NASA: The choice has been made on the Moon that the Viper robotic rover will be sent in 2023 to search for water

The US Space Agency (NASA) announced that it has chosen its area Moon, where in 2023 it will send VIPER’s first robotic lunar rover in search of water in the form of ice. It is about for a point near the edge of the large 93-square-kilometer Nobile Crater at the south pole of the Earth’s satellite, much of which remains almost permanently shaded by the Sun. something that increases the chance of discovering icy water.

Water is considered vital to the future missions of the US space program Artemis – the successor to the historic Apollo program – both to supply a future astronaut base with drinking water and as a raw material for supplying oxygen for rocket fuel. NASA has awarded a nearly $ 200 million contract to Pittsburgh-based Astrobotic to build the VIPER (Volatiles Investigating Polar Exploration Rover) rover, which – if all goes according to plan – is expected to reach the moon. towards the end of 2023 with the griffin Griffin, on a Falcon Heavy rocket of the company Space X.

It will be the first unmanned US robotic rover mission to the Moon (unlike Mars where NASA has sent several) and is expected to last at least 100 Earth days. The 450-kilogram solar-powered rover, the size of a golf cart, will use drills, three spectrometers and other chemical detection equipment to locate ice-water reserves up to a meter below the lunar surface.

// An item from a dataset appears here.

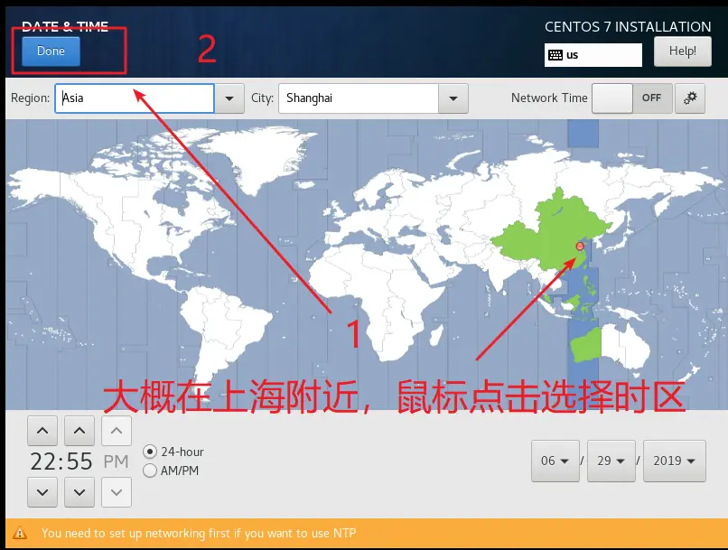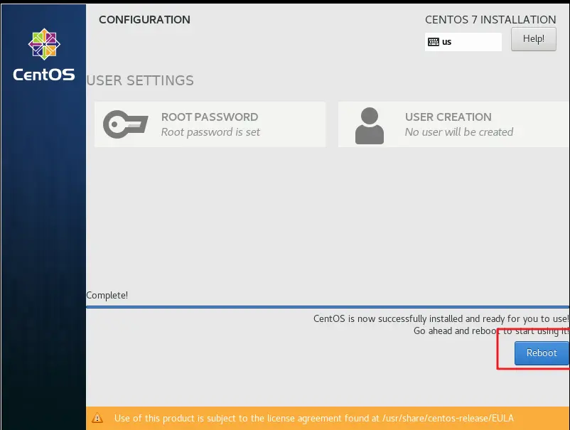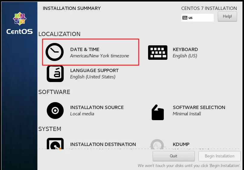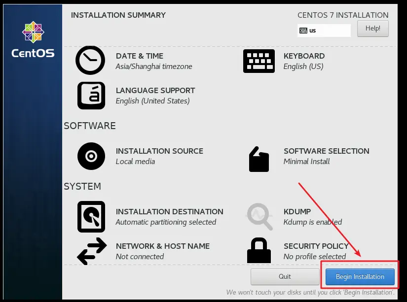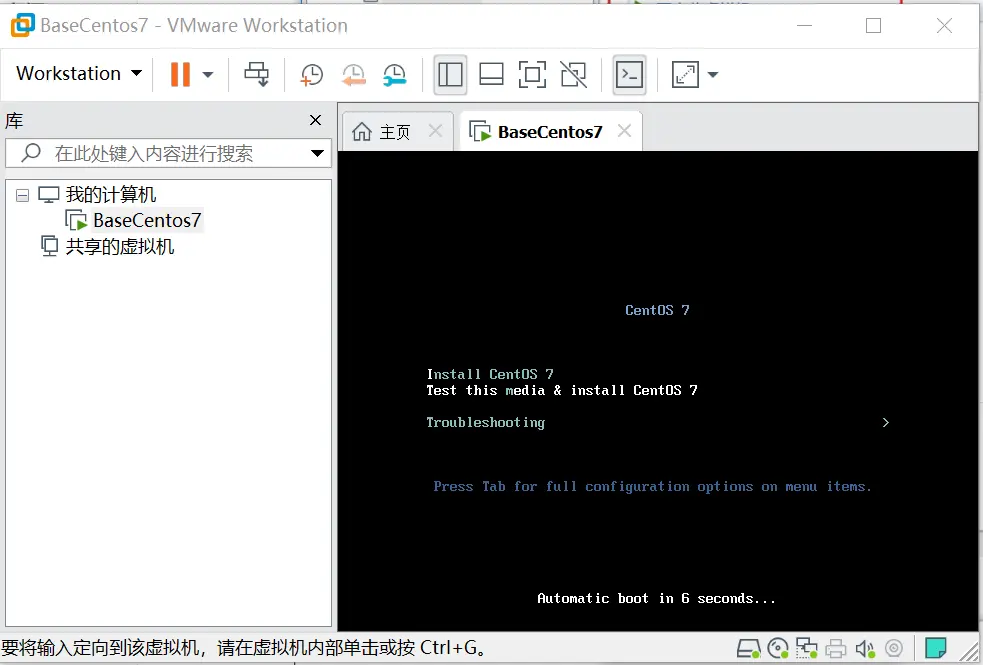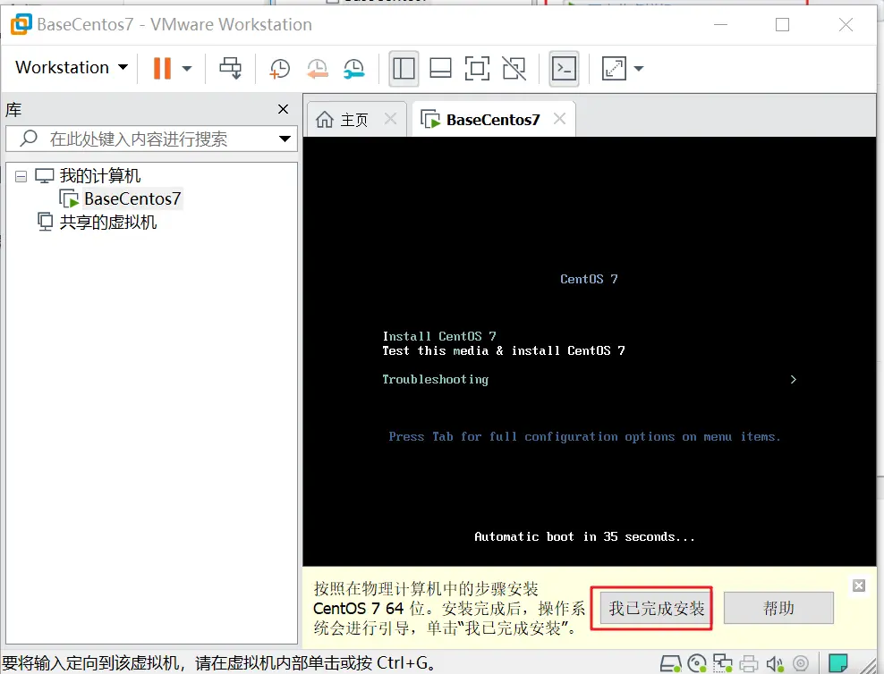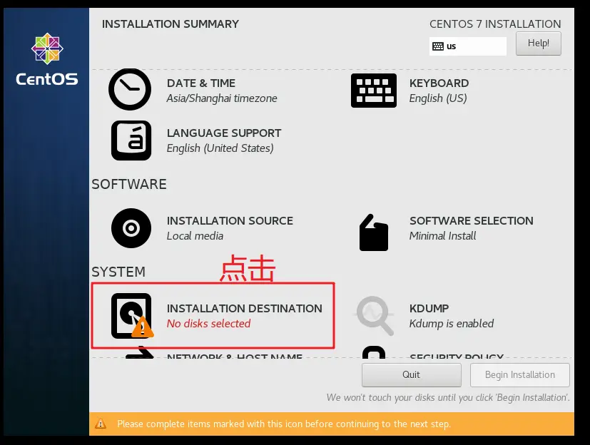 4、运行虚拟机 点击开始此虚拟机--->点击我已完成安装--->弹出CD-ROM门锁定,点击是--->安装tools--->选择english--->点击DATE&TIME选择shanghai点击Done--->点击INSTALLATION SOURCE,选择磁盘点击Done--->点击Begin installation--->点击设置管理员root用户的密码为root,等待安装--->点击Reboot重新启动--->重启后,显示localhost login :(冒号)后有个不停闪烁的白色短横杠,其中localhost表示当前主机名称,至此虚拟机安装完成---> 输入用户名root,输入密码:root,回车--->显示[root@localhost ~]#--->登录成功

NASA plans to return to the Moon within this decade (its last lunar eclipse was in 1972), this time paving the way for a long-term presence there. Scientists estimate that there are billions of tons of lunar ice on the moon in polar craters that never see sunlight and have temperatures as low as minus 223 degrees Celsius. VIPER will give a first hand assessment of how deep this “locked” water is, how much it is and how easy it is to use in the future.

“We’ve never seen anything like what we’re going to see when we get to the Moon’s South Pole,” said Anthony Colaprete, chief scientist on the Viper mission to NASA’s Ames Research Center. The lunar poles are dramatic, especially the South, where ancient impact craters have elevated entire mountains larger than Mount Everest. It’s going to be something really different from our world. “

Among the difficulties the rover will face will be complete darkness, so it will be NASA’s first rover equipped with powerful headlights to see the route.